No significantly increased risk for other hematologic or solid malignancies was observed among relatives of all MM probands or among subgroups, with the exception that relatives of MM probands ≥65 years at diagnosis had a significantly increased risk for non-Hodgkin lymphoma. Our findings of greater familial aggregation among relatives of later onset cases is in contrast with recent studies based on selected high-risk families, in which the age of onset of MM was much earlier and the affected offspring had earlier onset than affected parents (anticipation).23, 24 In this study, the average age at MM diagnosis among relatives of cases (61.3 years; range 37–81 years; n = 30) and controls (63.2 years; range 39–87 years; n = 35) was virtually the same, showing that familial (versus sporadic) MM is not characterized by an earlier age at diagnosis.
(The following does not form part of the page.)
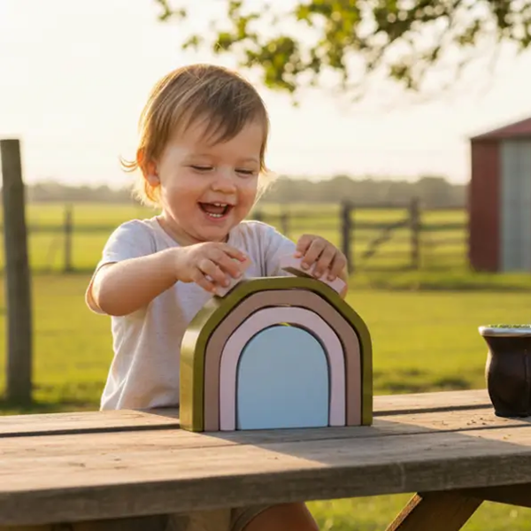 Su forma geométrica y tamaño lo hacen ideal para acompañar a niñas y niños en las primeras etapas del juego constructivo y creativo.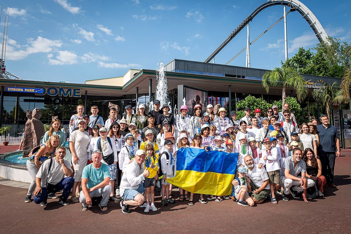 Freiburg, 15.06.2023 – Heute hatten 48 ukrainische Kinder und Jugendliche des Vaterhauses die Möglichkeit, den Europa-Park in Rust zu besuchen und dort einen ganzen Tag lang das spielerische Treiben zu genießen. Die Gruppe im Alter zwischen sechs und 18 Jahren hatte zusammen mit 20 Betreuer*innen sichtlich Spaß an dem bunten und vielfältigen Angebot des Europa-Park. Möglich gemacht hat dies der Regionalverband Freiburg des Deutschen Familienverbands e.V., der den größten Teil der Eintrittskarten gespendet hat, mit Unterstützung der Inhaberfamilie Mack (Europa-Park), die den Kindern und Jugendlichen auch eine kostenlose Verpflegung während des Parkbesuchs zur Verfügung gestellt hat.

We also found no evidence of anticipation for MM.31
In our study, we used a register-based case-control design, which ruled out recall-bias, ensured a population-based setting and generalizability of our findings. By including all MM cases diagnosed in Sweden during a 40-year-period, with one or more linkable relatives, we were able to conduct the largest study on autoimmunity and subsequent risk of MM to date. Limitations include incomplete number of first-degree relatives, lack of information on potential confounders (although the matched design and analyses ensured adjustment for sex, age, geography and marital status), lack of validation of the register-based data used to define exposure and outcome and lack of clinical data. Other potential limitations of our study were the absence of validation of the diagnoses of autoimmune conditions, which were retrieved from hospital discharge registry listings, and failure to capture those autoimmune disease diagnoses made in outpatient settings. However, because these were assessed among relatives of matched controls, using same hospital discharge registries, the relative risks should not be biased.
In summary, personal and family history of autoimmune conditions were generally not associated with increased risk for MM. We found an elevated risk for personal history of pernicious anemia and family history of SLE; however, because of multiple comparisons these findings should be interpreted with caution. The observed familial aggregation of MM in first-degree relatives implicates the potential etiologic importance of germline genes. Our data suggest that the spectrum of related conditions may include MGUS but not other hematologic neoplasms. These results provide additional support for applying gene mapping and candidate gene approaches in high risk families and case-control studies.